Ring1/Ring2/Ring3. Oscillator ring modulation. The unity output of both oscillators is multiplied together and mixed with the oscillator mix. At 0, there is no ring modulation. At 50, there's an equal amount of ring modulation and oscillator mix. At 100, only ring modulation is output.
FM depth. At zero, there's no FM. At higher values, the FM depth is set in MIDI semitones. For example, if the current note is middle C, and FM is set to 72 (with no FM track), the modulator ratio is 2:1. This design assists in creating harmonic FM tones.
FM pitch tracking. When 0 there's no tracking. When 1, FM depth tracks keyboard pitch exactly. At 2 it tracks twice as much. Typically tracking is set to 0 or 1, in the latter case, with an offset added by FM depth. For example with tracking at 1 and FM depth at 12, the modulator is one octave above the carrier. Tracking can be set below 1 to reduce harmonics in higher-pitched notes, or vice versa.

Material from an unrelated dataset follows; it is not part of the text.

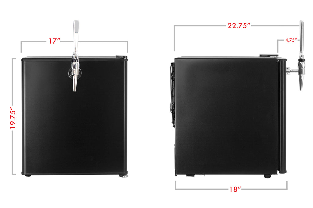 This javarator has a 1.34 cubic feet interior cabinet and is compatible with a 1.75 gallon ball lock keg, perfect for small gourmet batches and homebrew cold brew batches. Ball lock connections are easy to attach and securely connects the keg.
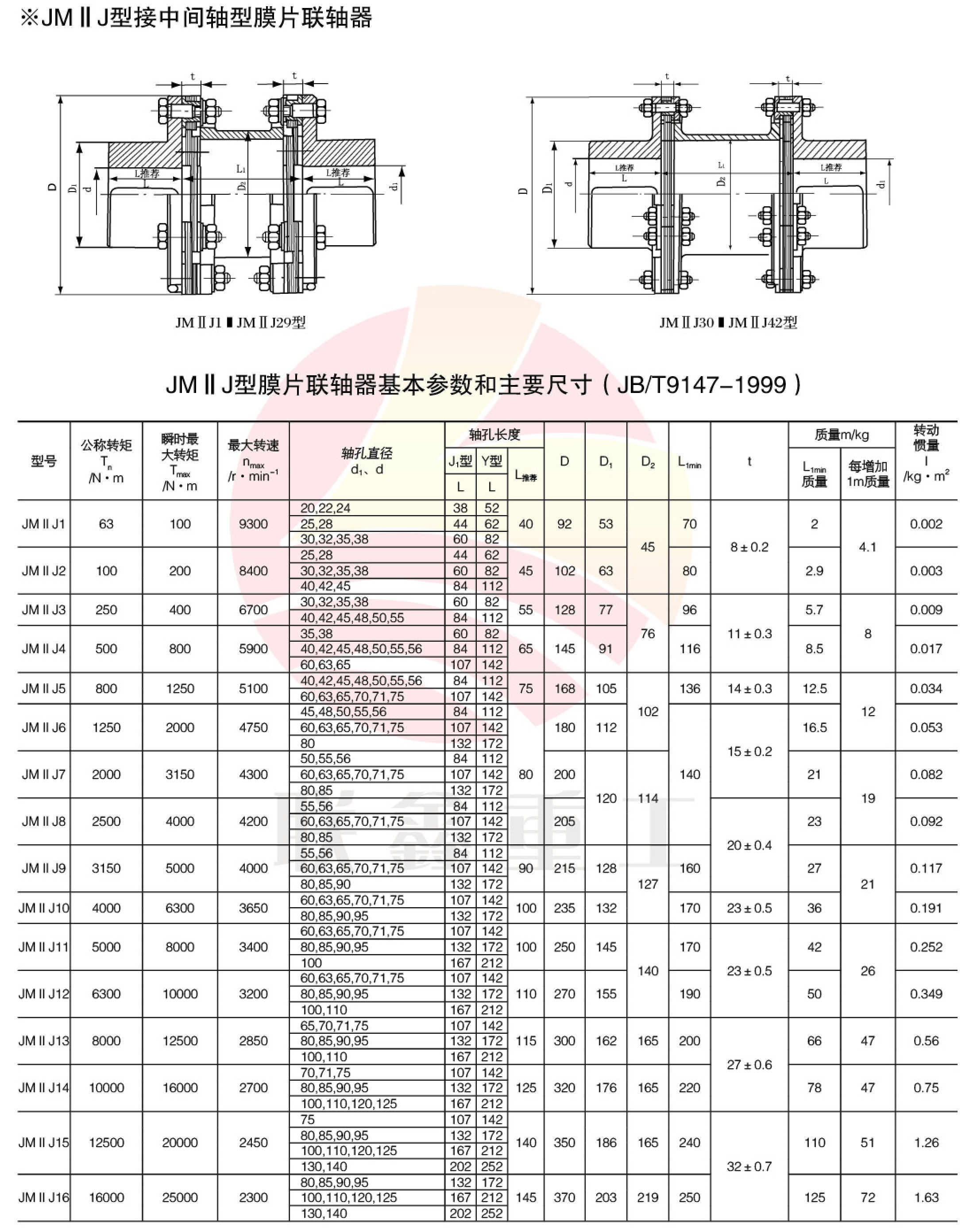 JMⅡJ膜片聯(lián)軸器 特點及應用場合:與金屬彈性元件撓性聯(lián)軸器相比,具有機械強度高,承載能力大、質量輕結構尺寸小、傳動效率和傳動精度高,可靠性好、裝拆方便等特點。適用于中、高速、大轉矩軸系傳動。與鼓形齒式聯(lián)軸器相比,具有無相對滑動,不需潤滑,使用壽命長、無噪聲、結構簡單等特點.可部分代替鼓形齒式聯(lián)輔器。不受溫度和油污影響。具有耐酸、堿,防腐蝕的特點??捎糜诟邷?、低溫和有油、有水和腐蝕介質的工況環(huán)境.適用于各種機械裝置載荷變化不大的軸系傳動,通用性極強,工業(yè)發(fā)達國家已普遍采用,是我國重點推廣應用的高性能撓性聯(lián)軸囂,高精度膜片聯(lián)軸器可用于高速工況。膜片聯(lián)軸器與齒式聯(lián)軸器相比,沒有相對滑動,不需要潤滑、密封,無噪聲,基本不用維修,制造較方便,可部分代替齒式聯(lián)軸器。膜片聯(lián)軸器在工業(yè)發(fā)達國家應用已很普遍,在實際應用中一般采用接中間軸型,以提高兩軸線偏移補償性能。

Oscillator FM-rate self feedback. At 0, there's no feedback. At higher values the feedback distorts the output into noise.
1>A, 1>B, 2>A, 2>B, 3>A, 3>B. Sets the oscillator level sent to filter channels. If the sum of the levels for the A or B channel are more than 100%, the oscillators' levels are relatively scaled to keep their sum in the unity gain range. Otherwise, if the oscillator levels add up to <100%, the oscillators are simply added together. If you want equal mix at max. level or 2 or more oscillators, simply set their mix levels all the way to the right.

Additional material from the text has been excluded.